The strongest contributors to the fund's development in May were Mediatek, AMD, and SK Hynix, while the weakest were Arista Networks, Fujikura, and NU Holdings.
The upward trend among tech stocks that we saw in April continued during May, which proved another strong month for the fund. This was as a result of the low valuations we saw at the end of March and the increased optimism for AI-related companies. For example, during May, Anthropic reported annual revenues now at a massive USD 47bn, up from USD 30bn just a month before. This means that Anthropic has increased its revenues by an amount representing all of Atlas Copco's in just one month.
The month of May saw reporting season continue, and a majority of the fund's companies have now reported. Our overall conclusion is for ongoing solid profit growth and estimates for most companies being lifted. When Nvidia released its report, it was yet another in a series of strong results. The company again beat estimates, with revenues growing by 85% y/y. The biggest talking point was Jensen Huang's comments regarding the enormous rise in demand for CPUs, rather than the GPUs that are the current cash cow. The company's guidance is for the entire CPU market to increase to USD 200bn, which is almost twice as high as the earlier announcements of USD 120bn from AMD and ARM. Only a few days before, AMD had raised its expectations from USD 60bn. This benefits the fund's CPU-related companies—Intel, AMD, and ARM—which saw their share prices increasingly immensely during May.
Broadcom also reported robust numbers, with profit growth of 54%, and with guidance of doubling its AI chip revenues to USD 100bn next year. Hardly a weak report in our eyes, but its share traded down 12% on the report as it did not beat estimates more. We believe this growth is limited in the short term by the availability of manufacturing capacity. An undeniably strong report, but one for which expectations played a role. We remain positive on the ASIC trend that benefits Broadcom and Mediatek most of all, and not least Alphabet, which recently announced a capital increase of almost USD 85bn, of which we believe a considerable sum will be spent on these two companies.
In addition to Alphabet, new capital will also flow into the AI market given the some USD 150bn expected in conjunction with the listings of SpaceX, Anthropic, and OpenAI later this year. SpaceX will list first, on 12 June.
During May, we undertook an exciting analysis trip to Hong Kong and Shanghai. A video of our thoughts about the trip and the latest trends we saw can be found on our website. A couple of inspiring blog posts will be published soon, too.
Key market events and trends
A 5% rise in the MSCI World (EUR) during May disproved the old saying "sell in May and go away." The return profile for 2026 tells a story of a constantly evolving market after the year started with a marked increase in gold and silver, along with a clear rotation out of the software sector, followed by a rise in oil and gas when the Iran conflict dominated the headlines in March. As the tension eased, AI infrastructure, memory chips, and semiconductors in particular took the lead from April. AI is, without a doubt, the strongest driver of the market right now. Data centers are being built at an incredible pace, especially in the US, but the trend is spreading to Europe, China, India, and other large economies. We see more and more AI-powered products and services in everyday life, leaving us in no doubt that this technology is here to stay.
Fundamentals continue to strengthen globally. At the start of 2026, the market had expected profit growth for MSCI World of around 14% for the full year. This has since been revised up to 20%, with expected growth of 14% for 2027. Even though the market is currently trading at an all-time high, valuations for 2027 profits remain moderate at a P/E of 16.5x.

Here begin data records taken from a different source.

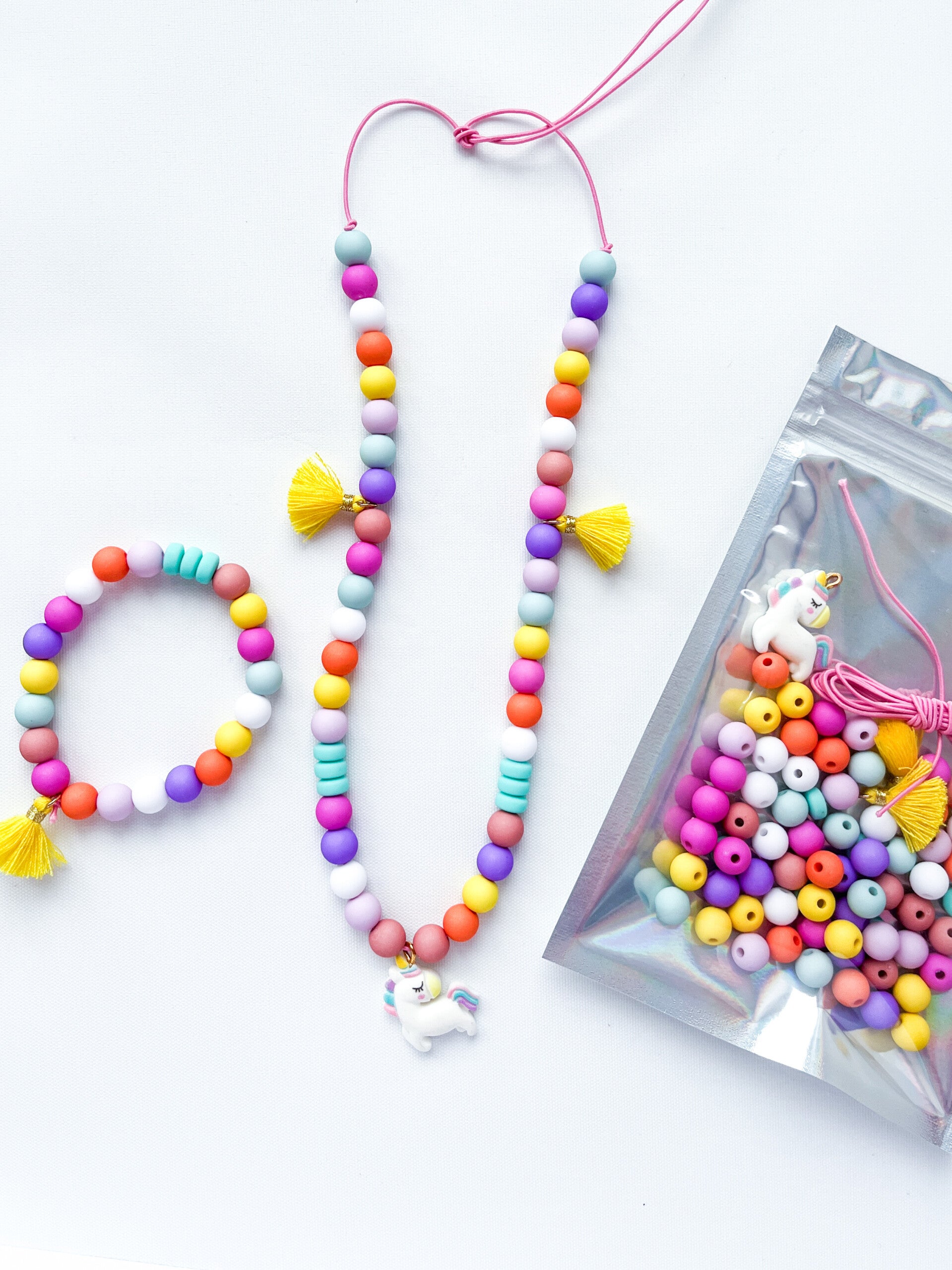 DIY-pakket voor kinderketting en armband Unicorn - veelkleurig
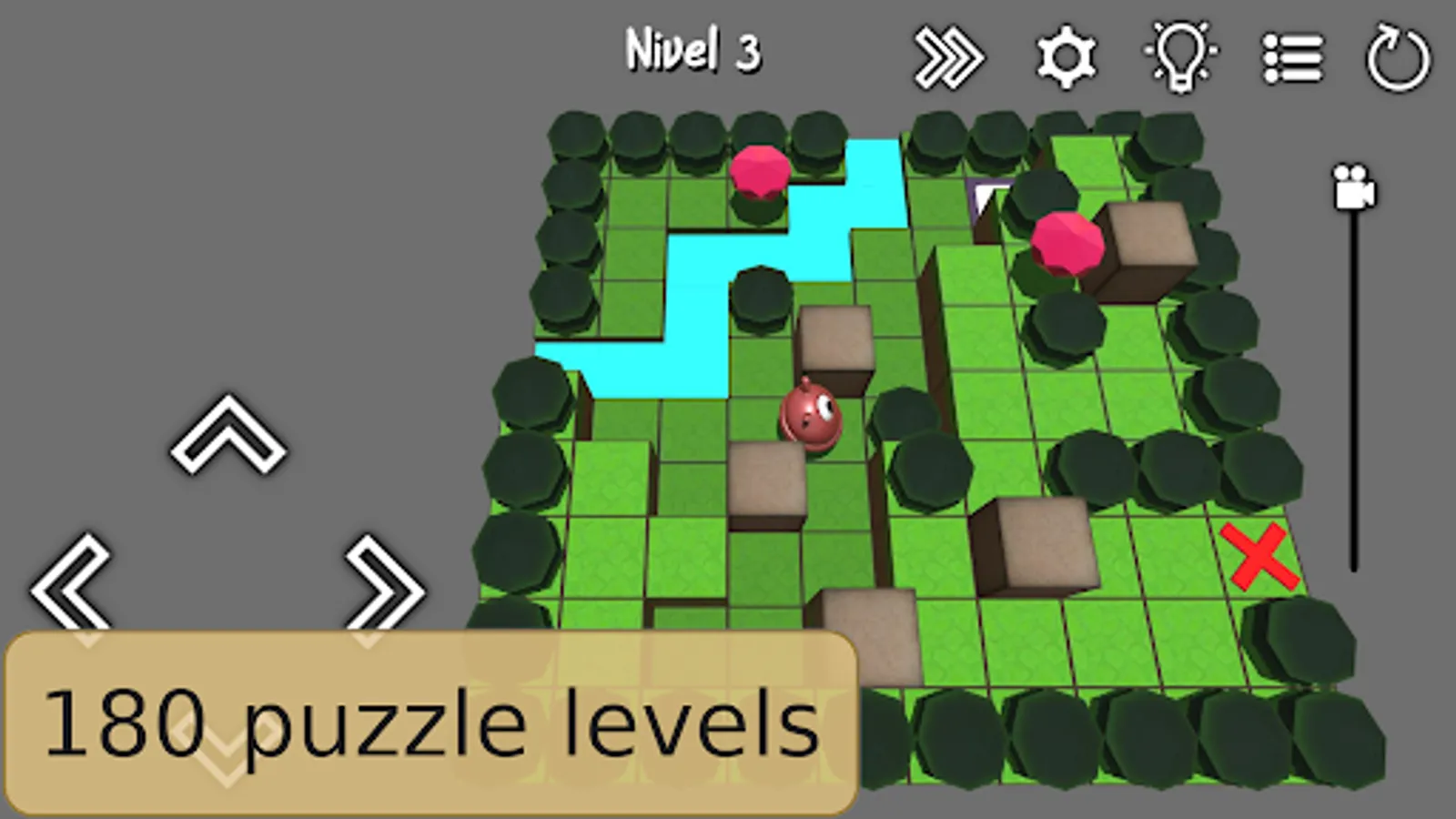This cube pushing puzzle Game is an evolution of the clasic sokoban and box pushing puzles with a multilevel 3D environment. Enemies, spells and traps add another level of complexity to the puzles. After the some initial simple levels, the difficulty grows fast, and the puzles become unforgiving, sometimes even frustrating. You will need to be smart if you want to help Block.
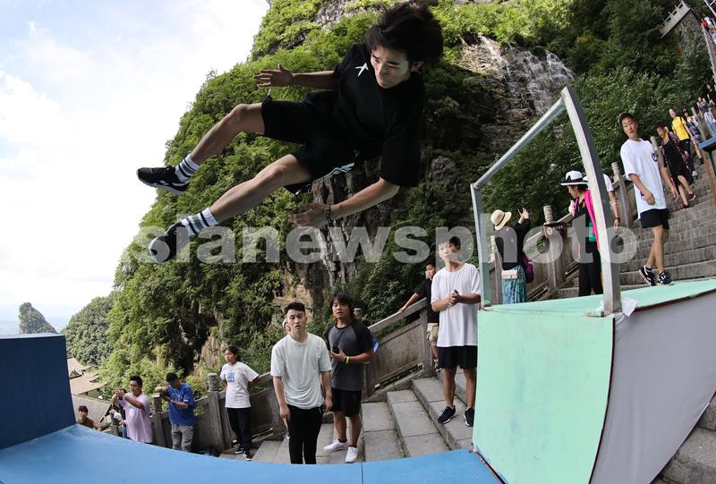 2022年7月22日,参加张家界天门山“云纵天梯”跑酷大赛的选手在赛道进行试跑热身。7月23日-24如,这场高水平跑酷赛事将在湖南张家界天门山景区举行。届时,64名国内优秀跑酷运动员和5名女子外卡组选手,将齐聚天门山标志性景观999级“天梯”,在狭窄陡峭的超长赛道上同场竞技。
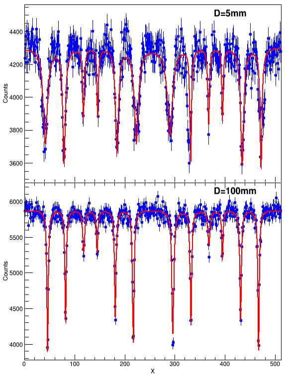 mossbSim模拟给出的穆斯堡尔谱图。上下图分别为放射源与样品之间的距离D=5mm和D=100mm时的穆斯堡尔谱。模拟表明,若想保障穆斯堡尔谱的分辨,源与样品之间需要合适的距离。
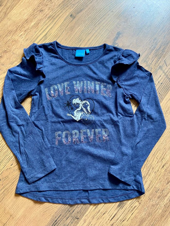 Teeshirt à manches longues. En très bon état. Il possède des petits froufrous au niveau des épaules. Et un motif reine des neiges.
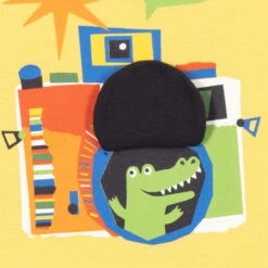 Little boys organic cotton T-shirt by Paul Smith Junior in bright yellow. The front has a fun camera Croc character appliqué and popper fastenings on one shoulder. The designer’s signature striped logo tag is stitched on the side seam.
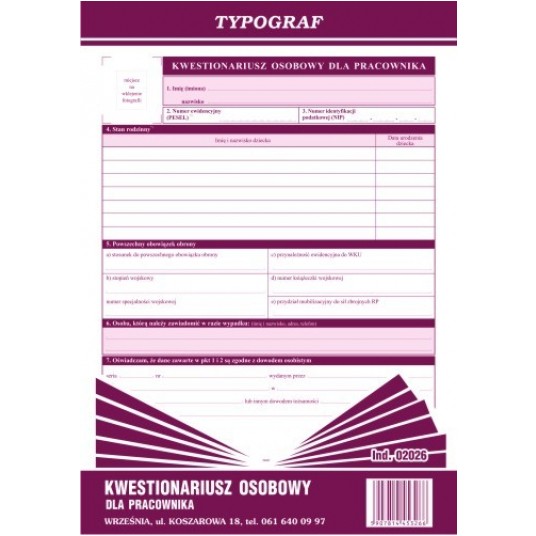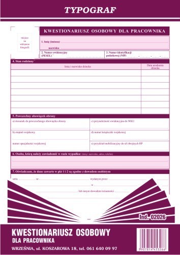 DRUK KWESTIONARIUSZ OSOBOWY A4/40K #02026
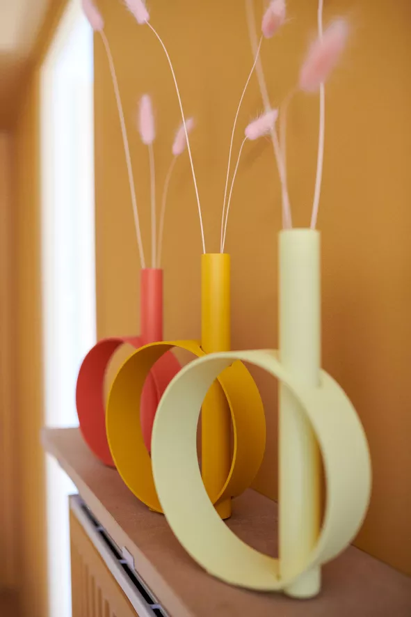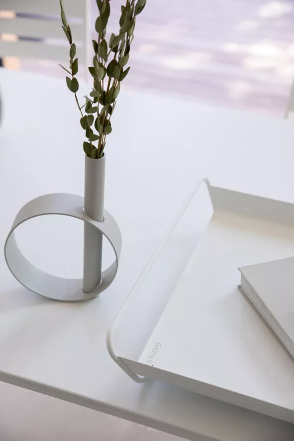 De Ios vaas van Fermob heeft een lengte van 15 centimeter, een breedte van 4,5 centimeter en een hoogte van 23 centimeter. De vaas is gemaakt van waterdicht aluminium en weegt 0,42 kilogram. Ios is verkrijgbaar in verschillende kleuren.

Finally, Europe is changing at a rapid pace that may not yet be fully reflected in the region's market valuations. SoftBank's announced investment of EUR 75bn in a data center in France is a recent example. More broadly speaking, the emerging alliance between the "Democratic Seven"—the EU, Australia, New Zealand, Japan, South Korea, Canada, and the UK—represents a structural shift that the stock market has not yet fully priced in.
Portfolio changes
During May, we bought into three new holdings: Silex Microsystems, Taiwan Union Technology, and Charles Schwab. And we exited Silex Microsystems, Visa, and Uber.
We bought into Silex Microsystems during its listing and sold the shares the same month. It's an appealing company with [KT1.1]good prospects, but as its valuation propelled upwards, we chose to sell.
The fund's positioning
The fund now comprises 42 companies exposed to a range of sectors and geographies, with companies chosen on their own merits. We do not limit ourselves only to tech stocks but invest in companies across sectors exposed to technology. The portfolio as a whole maintains high forecasted profit growth of 27% for next year. We believe a concentrated but also diversified, actively managed small cap fund focused on stockpicking has all the prerequisites to deliver great returns to its unitholders over time.